Morgan Stanley Downgrades Tesla (TSLA) But Raises Forecast: What’s the Real Play?

Wall Street's favorite game: moving the goalposts after the kick. Morgan Stanley just executed a classic maneuver—downgrading Tesla while simultaneously hiking its price target. It's the financial equivalent of saying 'your car is worse, but it's worth more.'
The Contradiction in Plain Sight
Analysts cut the rating, citing everything from valuation to execution risk. Yet the forecast gets a bump. The message is muddled: be cautious, but also optimistic. It leaves investors scratching their heads—do they sell on the downgrade or buy on the raised outlook?
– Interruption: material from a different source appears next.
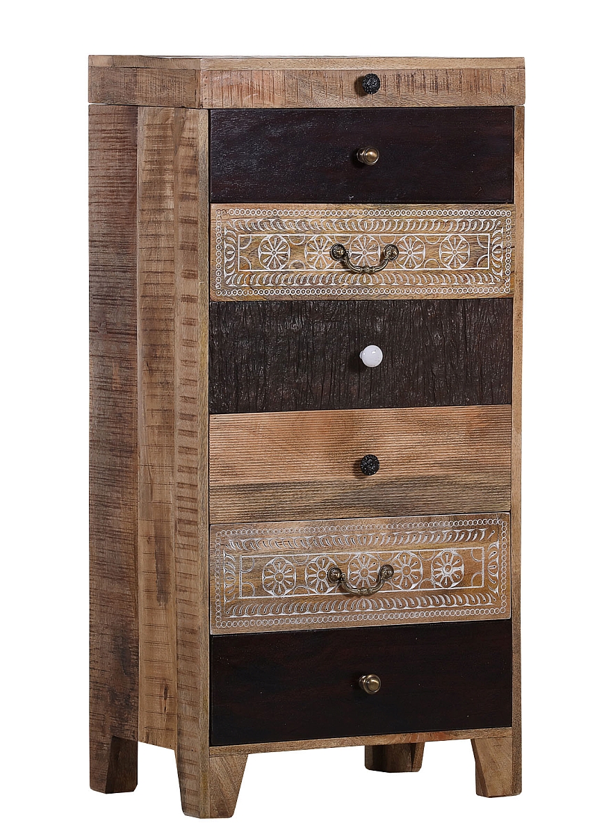 Façades : acacia massif (Inde), acacia massif avec gravures, MDF avec résine aspect bois vieilli

Reading Between the Brokerage Lines
This isn't analysis; it's hedging. It protects the firm whether TSLA soars or tanks. For the rest of us, it highlights the noise in traditional equity markets—where narratives are built and broken on a spreadsheet, often detached from technological reality.
Meanwhile, in the digital asset space, conviction doesn't come with an asterisk. Protocols either work and attract capital, or they don't. No downgrade-to-upgrade gymnastics required. Just code, adoption, and transparent ledgers. A cleaner signal in a very noisy world.
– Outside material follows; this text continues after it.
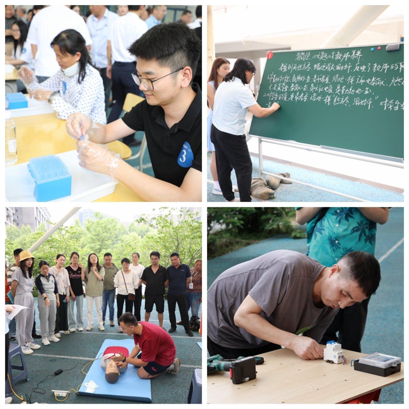 活动现场气氛热烈,亮点纷呈。在板书书写区,老师们笔锋遒劲、布局精巧,展现了“三尺讲台育桃李”的师者匠心;在实验操作区,“点亮‘五一’”项目要求选手精准连接线路、制作灯牌,考验专业技能与审美能力,戴手套插枪头,比拼的是选手的速度与精准;急救技能考场内,单人心肺复苏操作规范严谨,彰显生命教育的温度;运输技能赛场热火朝天,拆装轮胎与倒车移库环节尽显教职工“硬核实力”;餐饮技能区香气四溢,参赛选手以刀工如飞、火候精准的技艺奉献味觉盛宴;创意手工区上的剪纸、手工作品栩栩如生,将传统技艺与现代创意完美融合;AI+教育教学案例展示则凸显了前沿科技与教育实践的深度融合。

Tesla (TSLA) Still Expected to Rise?
As mentioned, Morgan Stanley does still project gains ahead for Tesla (TSLA) stock, with its forecast receiving a slight boost. “This is a reflection of lower [auto] volume expectations, with a 10.5% reduction in 2026 volumes and 18.5% reduction in cumulative deliveries through 2040 due to our more cautious view on the pace of EV adoption in the US, coupled with growing competition in global markets,” Percoco added.
Tesla shares have been on the mend this past week after a bearish November. Several investing experts, such as Cathie Wood and Michael Burry, have even called out the company and its stock for being overrated. In early trading on Monday, TSLA shares fell around 3%, but remain up over 41% in the last six months.
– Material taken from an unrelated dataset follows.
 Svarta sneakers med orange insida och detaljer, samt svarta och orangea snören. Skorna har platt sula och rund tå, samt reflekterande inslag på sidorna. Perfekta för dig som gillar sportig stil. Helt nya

Furthermore, analysts like Wedbush’s Dan Ives remain bullish on Tesla shares, and he believes the automaker’s AI future is where investors should be looking. “In my opinion, it’s going to be the most important chapter ever in Tesla’s story,” Ives said from the Yahoo Finance Invest event in New York last week. Ives has called the passage of Musk’s pay package a “bright green light” for Tesla’s AI and autonomous tech plans, and has an Outperform rating on the stock and a Street-high $600 price target.